Sister Manal recalled being told a week
earlier by the policeman father of one pupil that her school was
targeted by hard-line Islamists convinced that it was giving an
inappropriate education to Muslim children. She paid no attention,
comfortable in the belief that a school that had an equal number of
Muslim and Christian pupils could not be targeted by Muslim extremists.
She was wrong.
The school has a high-profile location. It is
across the road from the main railway station and adjacent to a busy bus
terminal that in recent weeks attracted a large number of Islamists
headed to Cairo to join the larger of two sit-in camps by Morsi's
supporters. The area of the school is also in one of Bani Suef's main
bastions of Islamists from Morsi's Muslim Brotherhood and
ultraconservative Salafis.
"We
are nuns. We rely on God and the angels to protect us," she said. "At
the end, they paraded us like prisoners of war and hurled abuse at us as
they led us from one alley to another without telling us where they
were taking us," she said.
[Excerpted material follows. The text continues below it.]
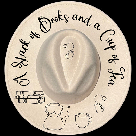 Books & Tea Wide Brim Hat Burning Design | Cool Moon Designs
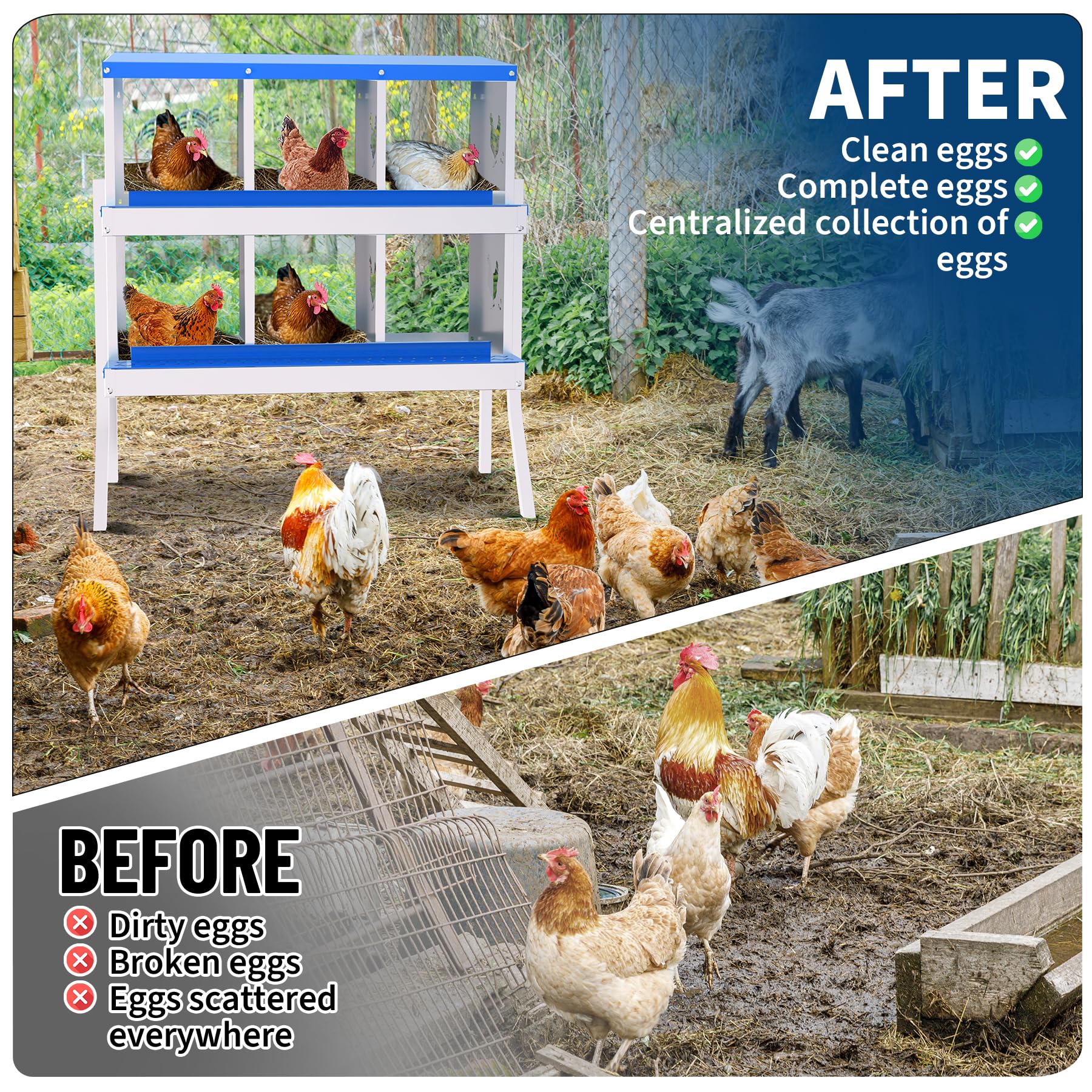 [GALVANIZED STEEL CONSTRUCTION FOR MAXIMUM DURABILITY] Built to withstand years of use, our chicken nesting boxes combine galvanized steel roofing/sides with rust-proof plastic collection trays. Strategically placed ventilation holes maintain perfect airflow. The reinforced structure resists pecking damage while providing insulation from temperature extremes - giving your hens year-round comfort and safety.

A Muslim woman who once taught at the school
spotted Manal and the two other nuns as they walked past her home,
attracting a crowd of curious onlookers.
"I remembered her, her
name is Saadiyah. She offered to take us in and said she can protect us
since her son-in-law was a policeman. We accepted her offer," she said.
Two Christian women employed by the school, siblings Wardah and Bedour,
had to fight their way out of the mob, while groped, hit and insulted by
the extremists. "I looked at that and it was very nasty," said Manal.
The
incident at the Franciscan school was repeated at Minya where a
Catholic school was razed to the ground by an arson attack and a
Christian orphanage was also torched.
"I am terrified and unable
to focus," said Boulos Fahmy, the pastor of a Catholic church a short
distance away from Manal's school. "I am expecting an attack on my
church any time now," he said Saturday.
Bishoy Alfons Naguib, a 33-year-old businessman from Minya, has a similarly harrowing story.
His
home supplies store on a main commercial street in the provincial
capital, also called Minya, was torched this week and the flames
consumed everything inside.
"A neighbor called me and said the
store was on fire. When I arrived, three extremists with knifes
approached me menacingly when they realized I was the owner," recounted
Naguib. His father and brother pleaded with the men to spare him.
Luckily, he said, someone shouted that a Christian boy was filming the
proceedings using his cell phone, so the crowd rushed toward the boy
shouting "Nusrani, Nusrani," the Quranic word for Christians which has
become a derogatory way of referring to them in today's Egypt.
Naguib
ran up a nearby building where he has an apartment and locked himself
in. After waiting there for a while, he left the apartment, ran up to
the roof and jumped to the next door building, then exited at a safe
distance from the crowd.
"On our Mustafa Fahmy street, the
Islamists had earlier painted a red X on Muslim stores and a black X on
Christian stores," he said. "You can be sure that the ones with a red X
are intact."
In Fayoum, an oasis province southwest of Cairo,
Islamists looted and torched five churches, according to Bishop Ibram,
the local head of the Coptic Orthodox church, by far the largest of
Egypt's Christian denominations. He said he had instructed Christians
and clerics alike not to try to resist the mobs of Islamists, fearing
any loss of life.
"The
looters were so diligent that they came back to one of the five
churches they had ransacked to see if they can get more," he told the
AP. "They were loading our chairs and benches on trucks and when they
had no space for more, they destroyed them."